For Bunny this struggle was embodied in the Menzies family. Papa Menzies was an old-time Social-Democrat from abroad, active in the clothing workers’ union. Of his six children, two daughters had followed their mother—an old-time, orthodox Jewess who wore a dirty wig, and kept all the feast days in the home, and wept and prayed for the souls of her lost ones, stolen from the faith of their fathers by America, which had made them work on Saturdays, and by the radical movement, which had made them agnostics and scoffers. Rachel and the oldest boy, Jacob, were Socialists like their father; but the other two, Joe and Ikey, had gone over to the “left wing,” and were clamoring for the dictatorship of the proletariat.
II
Bunny received a letter from Rachel. “Dear Mr. Ross”—she always addressed him that way, alone of his classmates; it was her way of maintaining her proletarian dignity, in dealing with a person of great social pretensions.
“We are home after picking all the prunes in California, and next week we begin on the grapes. You said you wanted to attend a meeting of the Socialist local, and there is to be an important one tomorrow evening, at the Garment-workers’ Hall. My father and brothers will be there, and would be glad to meet you.”
Bunny replied by a telegram, inviting one old and four young Jewish Socialists to have dinner with him before the meeting. He took them to an expensive restaurant—thinking to do them honor, and forgetting that they might feel uneasy as to their clothes and their table manners. Verily, it is easier for a camel to pass through the eye of a needle, than for a rich man to enter into the feelings of the disinherited.
Bunny found Rachel quite altered from the drab, hardworking girl he had known. She belonged to that oriental type which can pick fruit in the sun for several weeks without worrying about complexions; she had sunset in her cheeks and sunrise in her spirit, and for the first time it occurred to Bunny that she was quite an interesting-looking girl. She told about their adventures, which seemed to him extraordinarily romantic. Most people, when they indulged in daydreaming, would picture themselves as the son and heir of a great oil magnate, with millions of dollars pouring in upon them, and a sporty car to drive, and steel widows and other sirens to make love to them. But Bunny’s idea of a fairy-story was to go off with a bunch of youngsters in a rattle-trap old Ford that broke down every now and then, and camp out in a tent that the wind blew away, and get a job picking fruit along side of Mexicans and Japanese and Hindus, and send home a post-office order for ten or twelve dollars every week!
Papa Menzies was a stocky, powerful-looking man with curly yellow hair all over his head, and a deep chest—though most of it seemed to be in back instead of in front, so much was he bent over by toil. There were certain English letters he could never pronounce; he would say, contemptuously, “Dis talk about de vorld revolution.” His son Jacob, the Socialist one, Bunny knew as a stoop-shouldered, pale student, and found him much improved by outdoor life. The other two boys, the young “left wingers,” were talkative and egotistical, and repelled the fastidious Bunny, who had not insight enough to guess that they were meeting a young plutocrat for the first time in their lives, and this was their uneasy effort to protect their working-class integrity. Nobody was going to say that they had been overawed! In addition to this, they were hardly on speaking terms with the rest of the family, because of the bitter political dispute going on.

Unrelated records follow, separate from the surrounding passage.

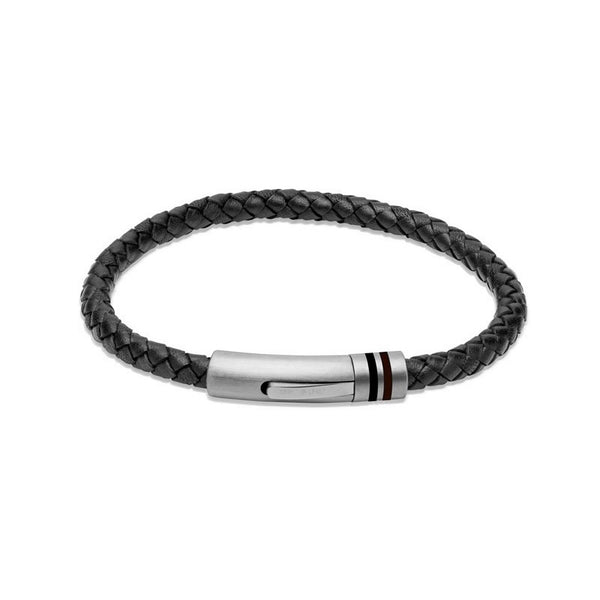 Black Leather Bracelet with Polished Steel Clasp & Black and Brown Elements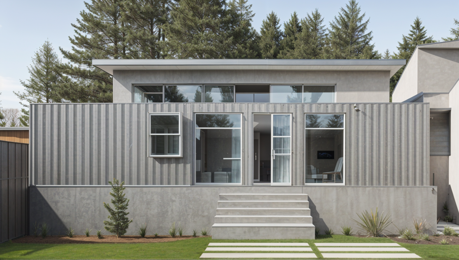 modern exterior shot black vinyl panels on front of building with horizontal black siding on the side and medium wood tone siding at the walkway to front door architecture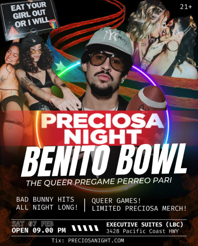 Between the Benito Bowl watch parties, the queer-led pre-game takeovers, and the burlesque Bad Bunny tributes, this city made it very clear: you are not required to suffer through sportsball culture to exist on Super Bowl weekend in Long Beach.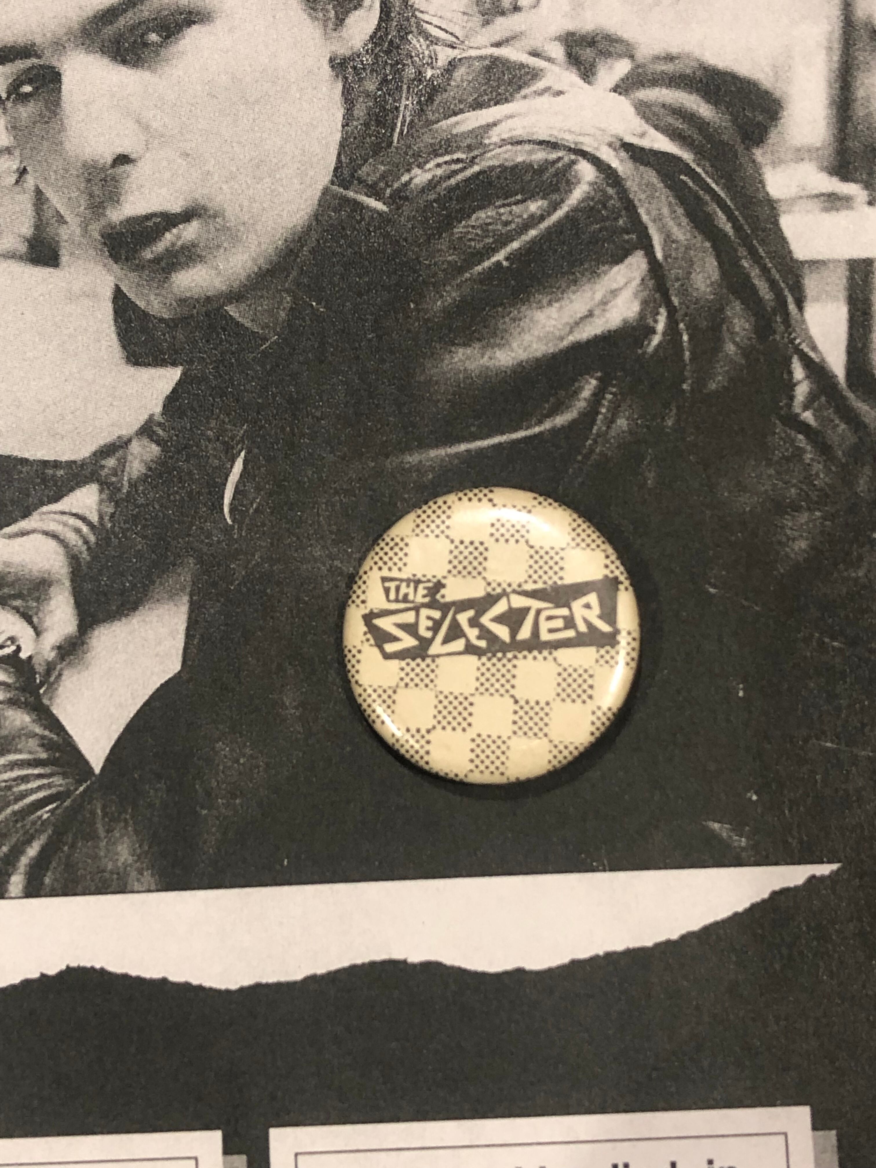 70年代結成のイギリスのスカバンド、ザ・セレクターの缶バッジです。デザインがカッコいいですね。ライダース・MA-1などにいかがですか。おススメです。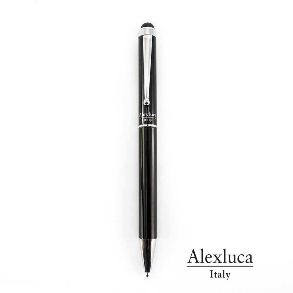 Dreh-Kugelschreiber mit Stylus von Alexluca. Mit angenehm weichem Metallschaft in elegantem Schwarz. Clip und Spitze in passender Farbe. Präsentiert in einem individuellen schwarzem Etui mit Markenlogo. Blaue Tinte.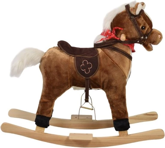 Daarnaast voelt hij heerlijk zacht aan, heeft hij een comfortabel zadel, een stevig houten onderstel en stevige houten handvaten.Ook heeft het hobbelpaardje echte stijgbeugels zodat je kleintje er makkelijk op kan komen.

They went to the hall, which was crowded with people, mostly workers, all tense with excitement. There had been a committee appointed to deal with the policy of the “local,” and this committee brought in a report in favor of expelling the “left wingers”; also there was a minority report, in favor of expelling everybody else! So then the fat was in the fire; and Bunny listened, and tried valiantly to keep from being disillusioned with the radical movement. They were so noisy, and Bunny had such a prejudice in favor of quiet! He wouldn’t expect working people to have perfect manners, he told himself nor to use perfect English; but did they need to shriek and shake their fists in the air? Couldn’t they debate ideas, without calling each other “labor fakers” and “yellow skunks” and so on? Bunny had chosen to call upon Local Angel City of the Socialist party at a critical moment of its history; and decidedly it was not putting on company manners for him!
Here was Papa Menzies, clambering onto the platform, and shouting at his own sons that they were a bunch of jackasses, to imagine they could bring about mass revolution in America. “Vy did de revolution come in Russia? Because de whole country had been ruined by de var. But it vould take ten years of var to bring de capitalist class in America to such a breakdown; and meanvile, vot are you young fools doing? You vant to deliver de Socialist party over to de police! Dey have got spies here—yes, and dose spies is de mainspring of your fool left ving movement!”